Alzheimer’s Disease Blood Analysis

GitHub repository

Abstract

Alzheimer’s Disease (AD) is an irreversible, progressive neurodegenerative disorder that slowly destroys a person’s cognitive and physical abilities. The cause of AD is unclear, but is believed to be a combination of genetic, environmental and lifestyle factors. Because the only way to definitely diagnose AD is post mortem, the search for earlier definitive detection is crucial. One way of doing this is by analyzing blood samples to detect biomarkers and microRNAs. A biomarker is defined as a characteristic that is objectively measured as an indicator of normal biological processes, while microRNAs (miRNAs) are non-coding RNA molecules that are involved in the regulation of gene expression.
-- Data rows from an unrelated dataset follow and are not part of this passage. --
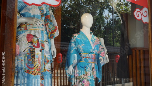 © Zulfatta Dwi Putra, Fototapeta premium Traditional Japanese Yukata Kimono Displayed in Glass Showcase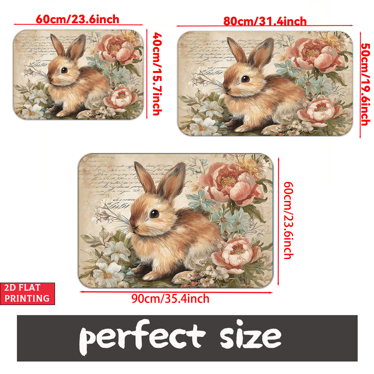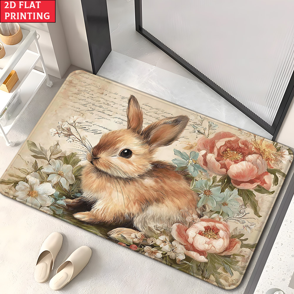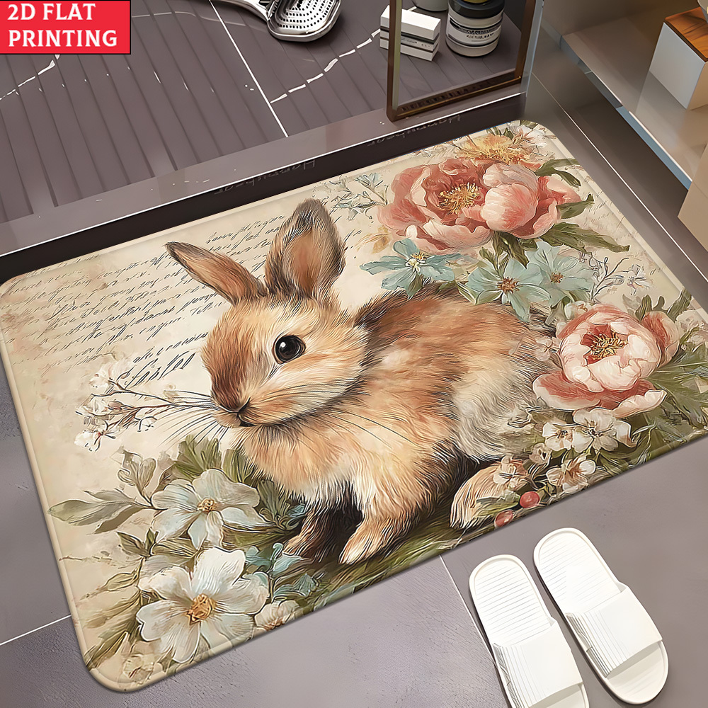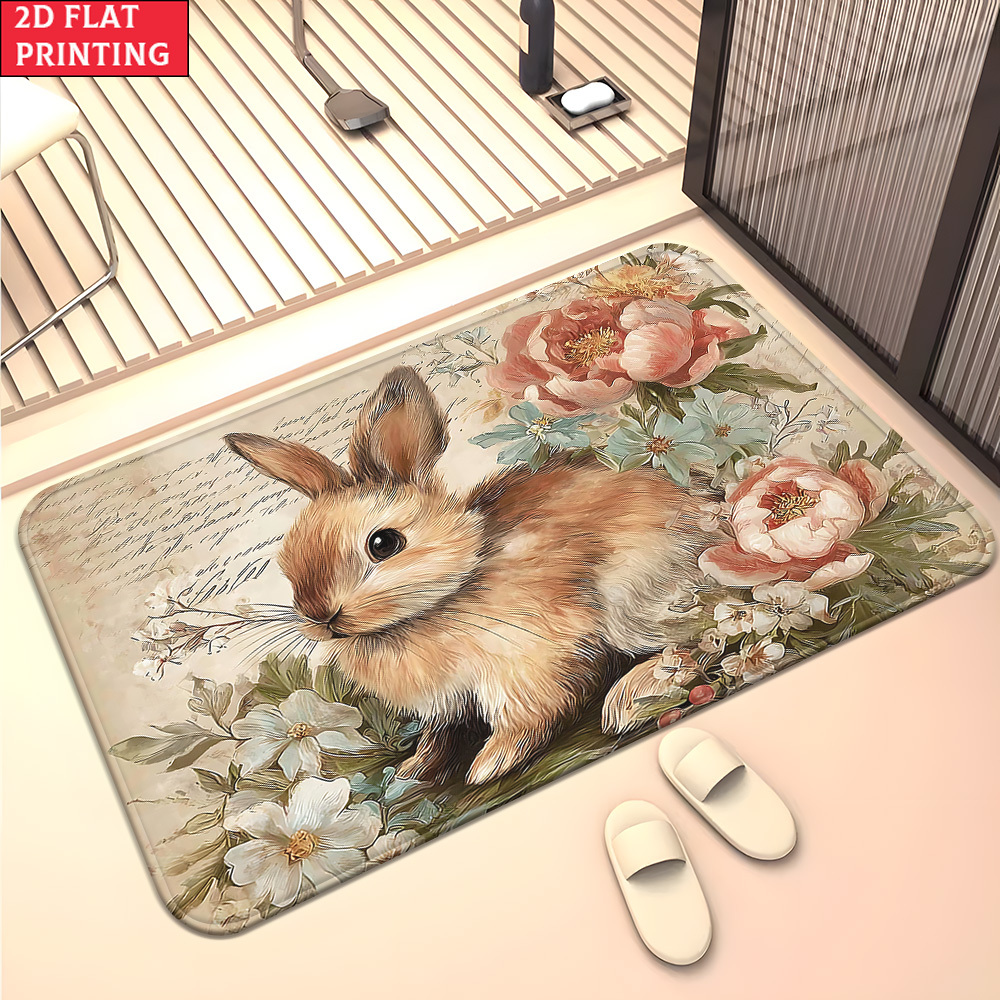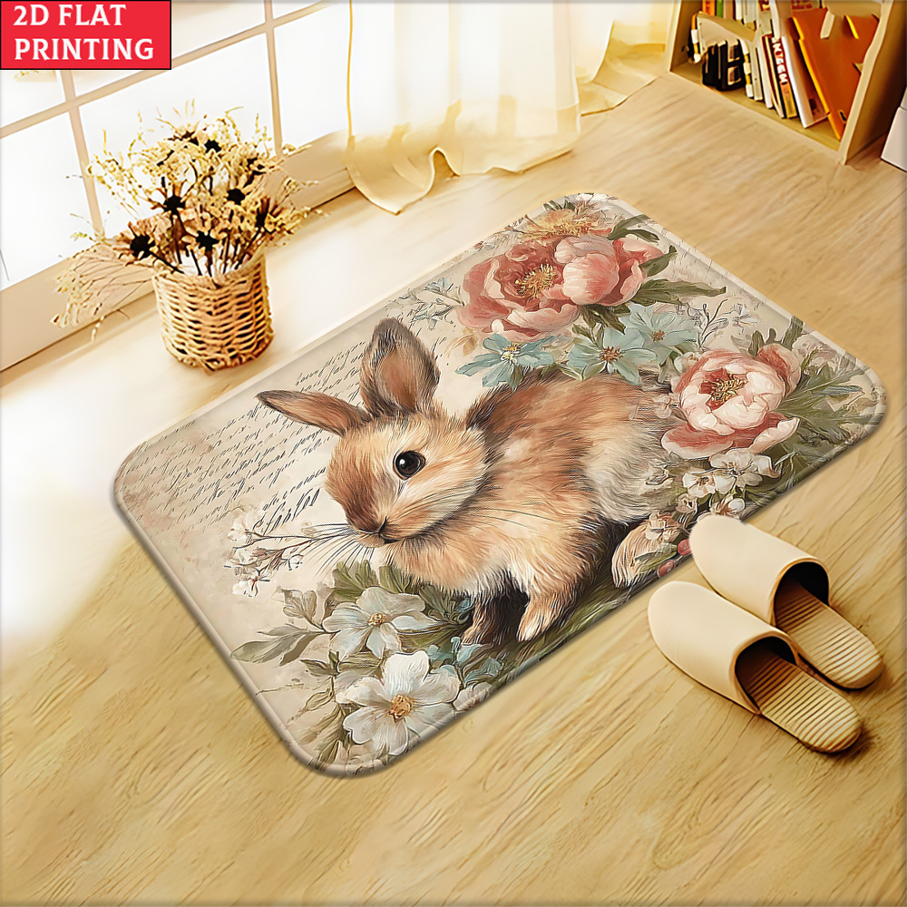 Flannel rug - rabbit and rose pattern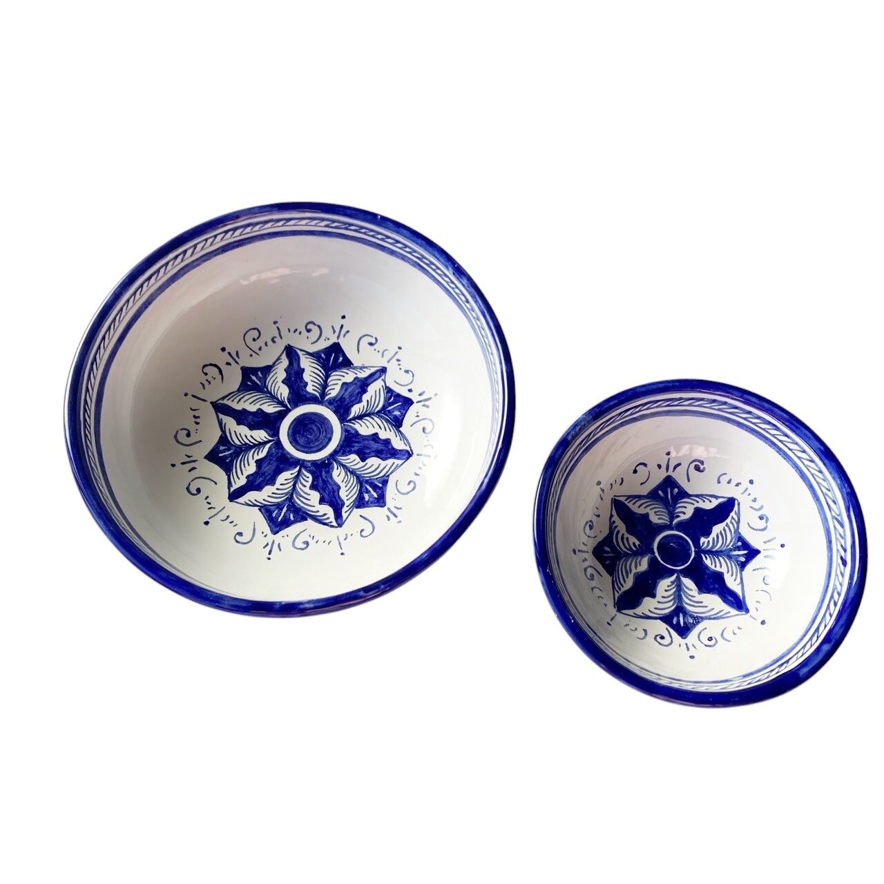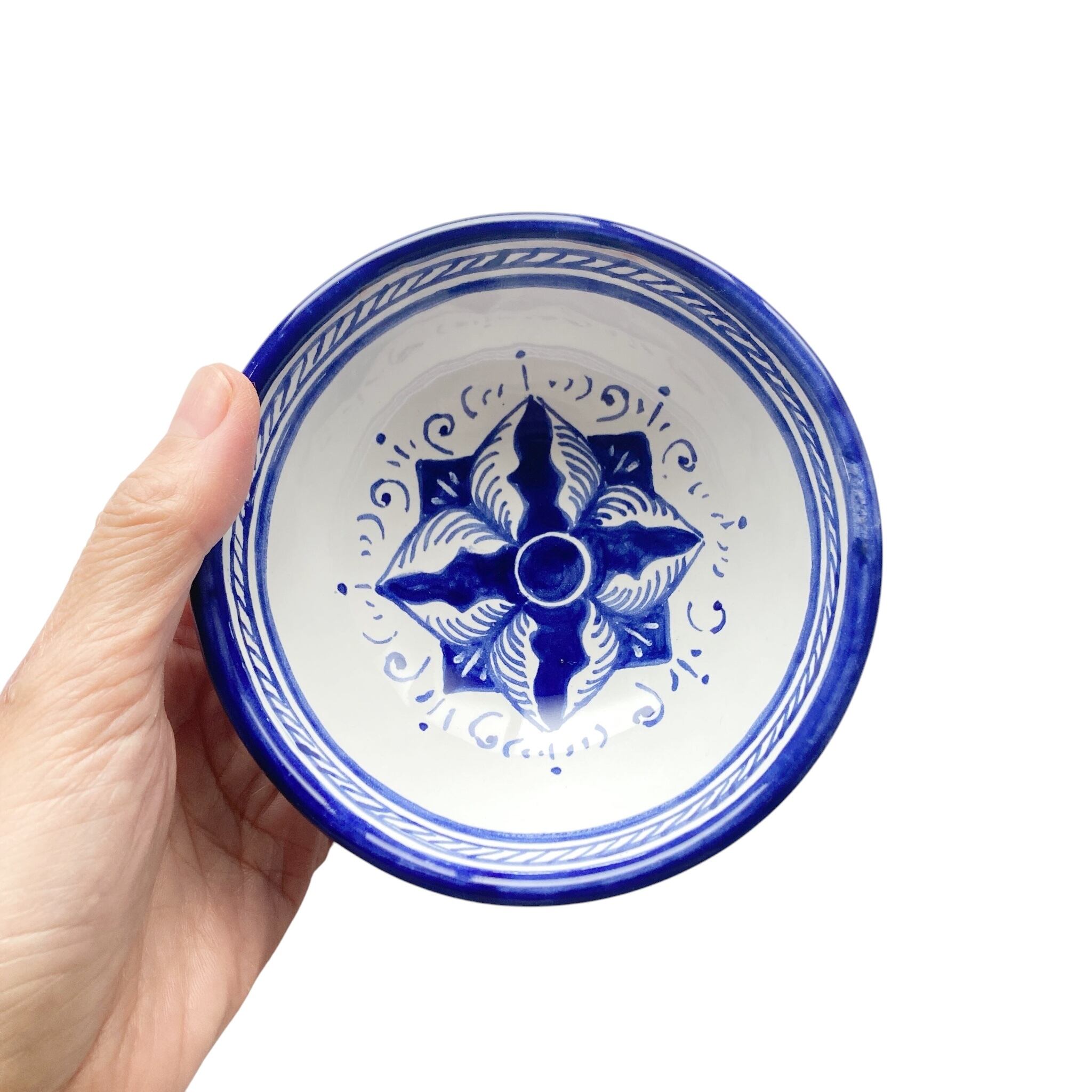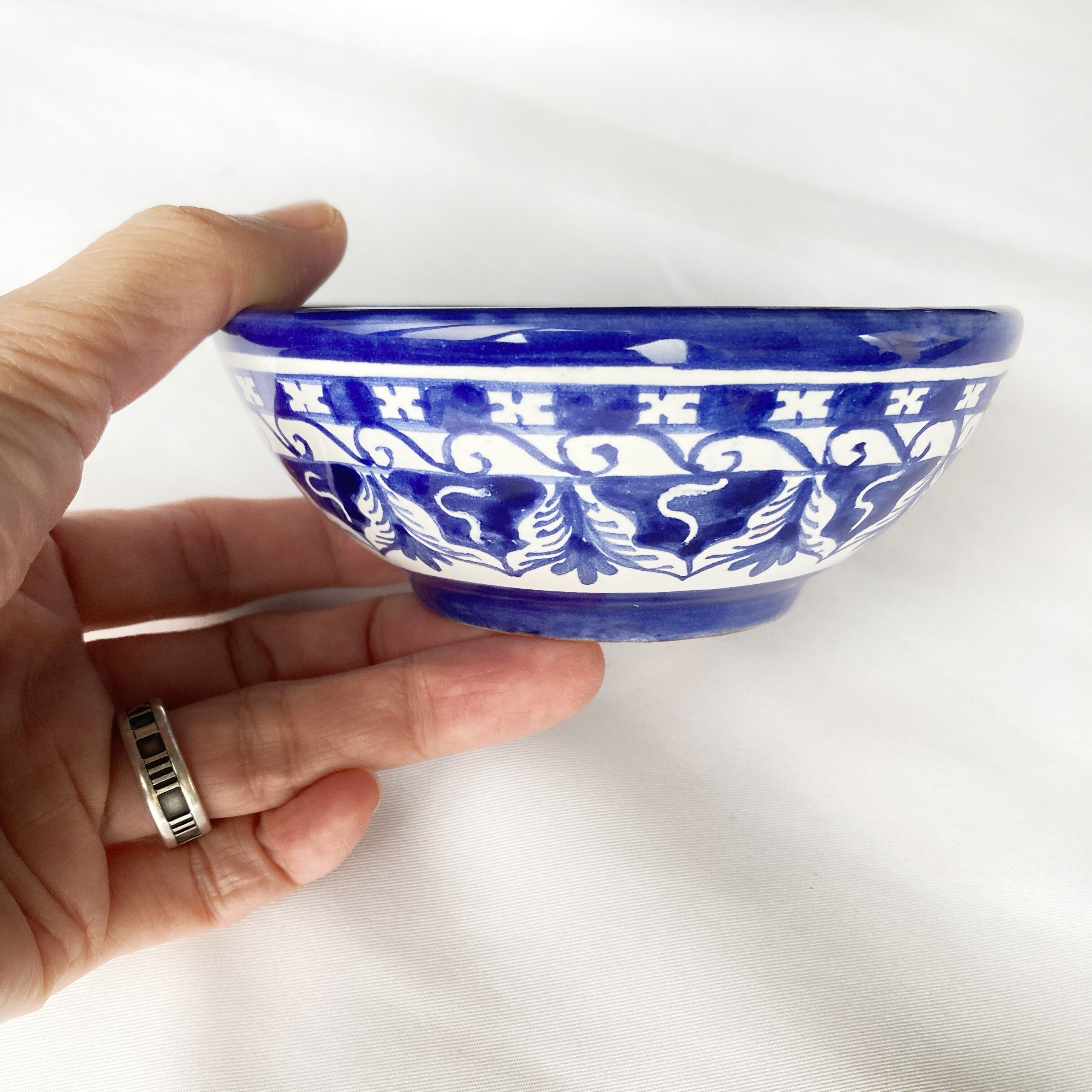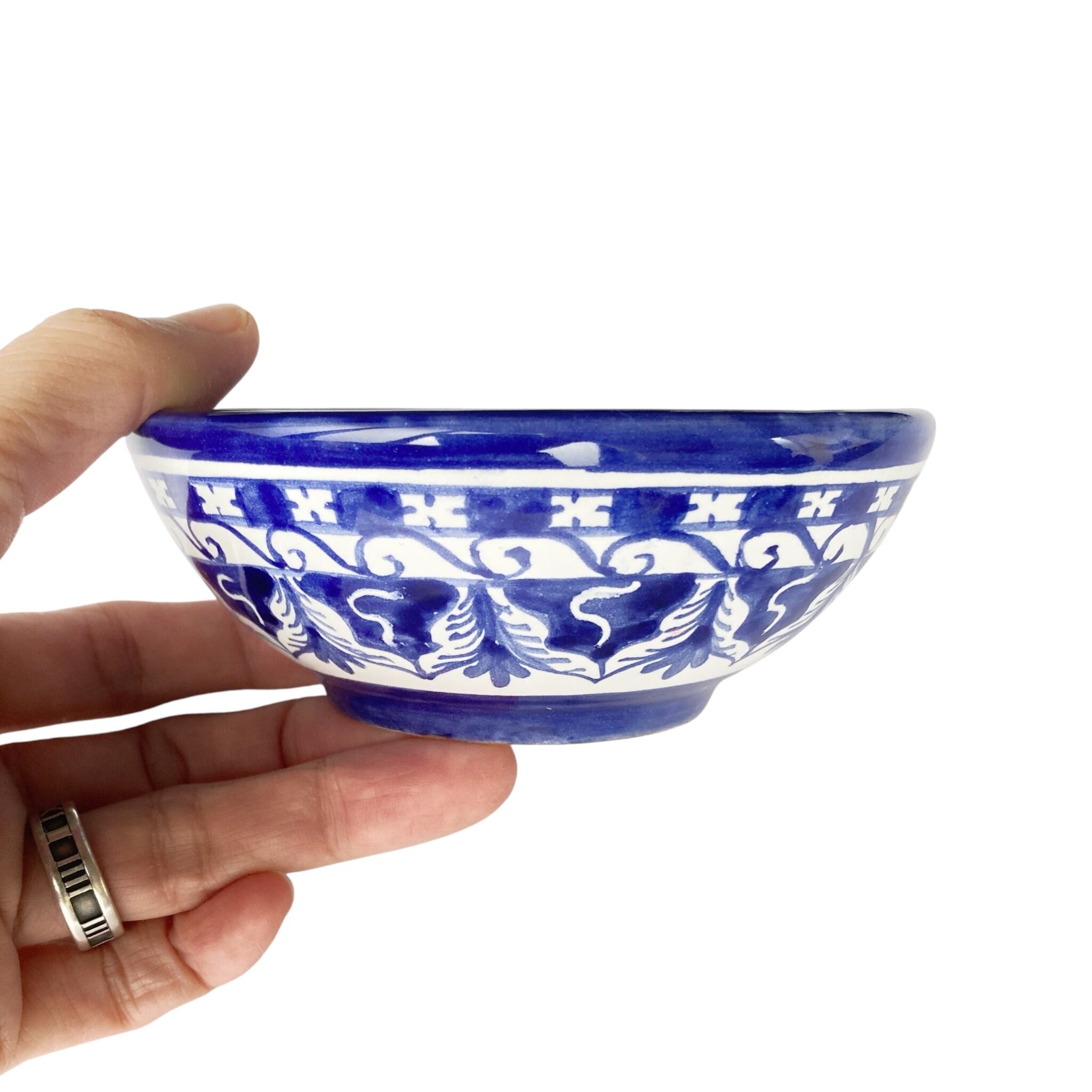 ブルー一色で描いた幾何学模様のボウル。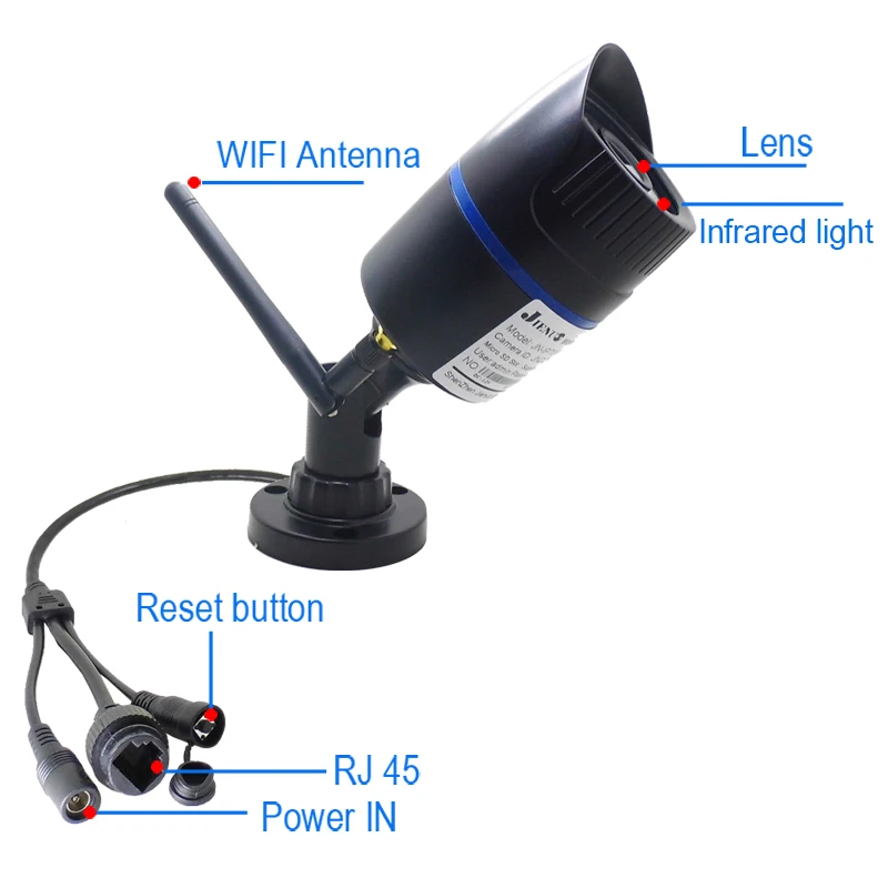 Поддержка уличной водонепроницаемости Удаленное видео в реальном времени, звук в реальном времени Камера имеет встроенный водонепроницаемый микрофон, поддерживает запись звука Поддерживает как Wi-Fi, так и проводной режим Поддержка карт Micro SD (не содержит карты Micro SD); Поддерживает ONVIF, может работать со вечерние видеорегистратором. Поддержка мобильного видеонаблюдения (iOS,android) Поддержка обнаружения движения и оповещения по электронной почте Разрешение видео: 1920*1080P Поддерживает интерфейс веб-сайта в браузере IE Поддержка мульт-плана: ПК, планшет, смартфон ИК-фильтр: Да IR светодиодный s : 24 ИК светодиодный да с ИК-расстоянием 30 метров Беспроводная связь: Wi-Fi 802.11b/G/N Водонепроницаемая камера из АБС-пластика IP66: используется в помещении и на улице; Условия эксплуатации: -45 °C ~ 60 °C, влажность 95% или менее (без конденсации)
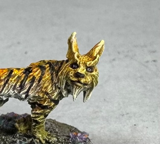 Painting was a very pleasant affair – I love working with dark green, and the rest of the Warlock was handled with Craftworld purple & yellow, combined with bone. The Gyrinx was fun – a nice easy wash & drybrush approach, again, using Craftworld colours. I’m pretty pleased with the tiger stripe pattern!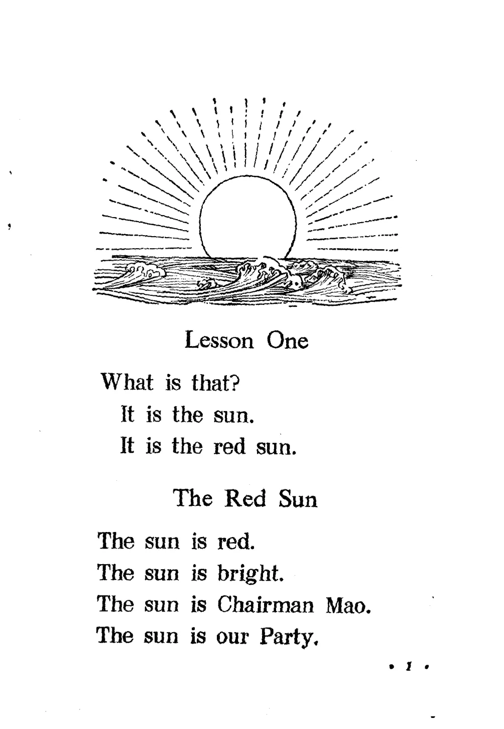 The sun is red. The sun is bright. The sun is Chairman Mao. The sun is our Party.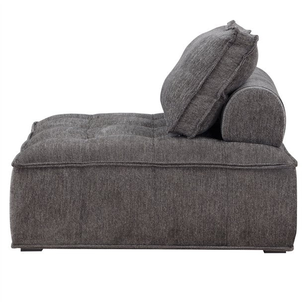 Bring a touch of easy style to your space with this modern lounge chair. This low-profile cushion chair comes with a rectangular throw pillow and a cylindrical bolster pillow. The chair features an engineered wood frame and a thick, square cushion seat with button-tufting. The throw pillows adhere to the chair cushion with hook-and-loop fasteners to prevent slipping. This chair is ready to complete the look in any contemporary or mid-century modern space.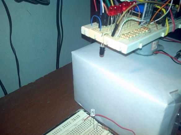 Como se dijo anteriormente, estos diodos Ninis en conjunto para detectar la posición, de esta manera, el diodo emisor de infrarojos se muestra inferior en parte de la (en el protoboard) está constantemente encendido, y el fotodiodo receptor se muestra de color café en la parte inferior del protoboard donde está montado el punto de vista cada vez pasa por el emisor , detecta la luz recibida y envía una señal al arduino para decirle empieze a "dibujar" las letras.

Recent studies show miRNAs and biomarkers as possible tools for AD diagnosis, thus, leading us to analyze blood miRNA data for our study. Utilizing influences from various other studies, we examined 67 blood samples of AD and control patients through our custom genetics pipeline in hopes of a breakthrough in understanding the pathology of the disease. We then implemented two different statistical tests, a non-parametric hypothesis test (Wilcoxon-Mann-Whitney Test) and a parametric hypothesis t-test (DESeq2). From these tests we were able to isolate nine significant miRNAs to perform further analysis on its relationship and effect to AD.

Introduction

Background

AD is an age-related neurodegenerative disease that currently affects more than 5.5 million Americans and is considered the 6th leading cause of death in the United States[1]. It is an irreversible disease that causes declines in both mental and physical abilities as a result of rapidly declining brain function. The pathological features of AD include amyloid plaques, neurofibrillary tangles, chronic inflammation, vascular contributions and the loss of neural connections and cell death[1]. These features contribute to symptoms like confusion, difficulty speaking and severe memory loss. The disease itself can be diagnosed at all age levels; however, it is generally more common with individuals 65 years of age or older. Current treatments can help manage the symptoms, but neither a cure nor a cause for the disease has yet to be identified.

Biomarkers

A biomarker is defined as a characteristic that is objectively measured and evaluated as an indicator of normal biological processes, pathogenic processes, or pharmacologic responses to a therapeautic intervention[2]. They assist in understanding what happens inside a living body and assist doctors and researchers in diagnosing and monitoring diseases. For Alzheimer’s Disease, measurements of the brain image scans, cerebrospinal fluid and blood are common biomarkers associated with the disease as well as other neurological diseases. Both the cerebrospinal fluid and blood biomarkers are involved with identifying the proteins, beta-amyloid 42 and tau, which revolve around the brain and its functions[3].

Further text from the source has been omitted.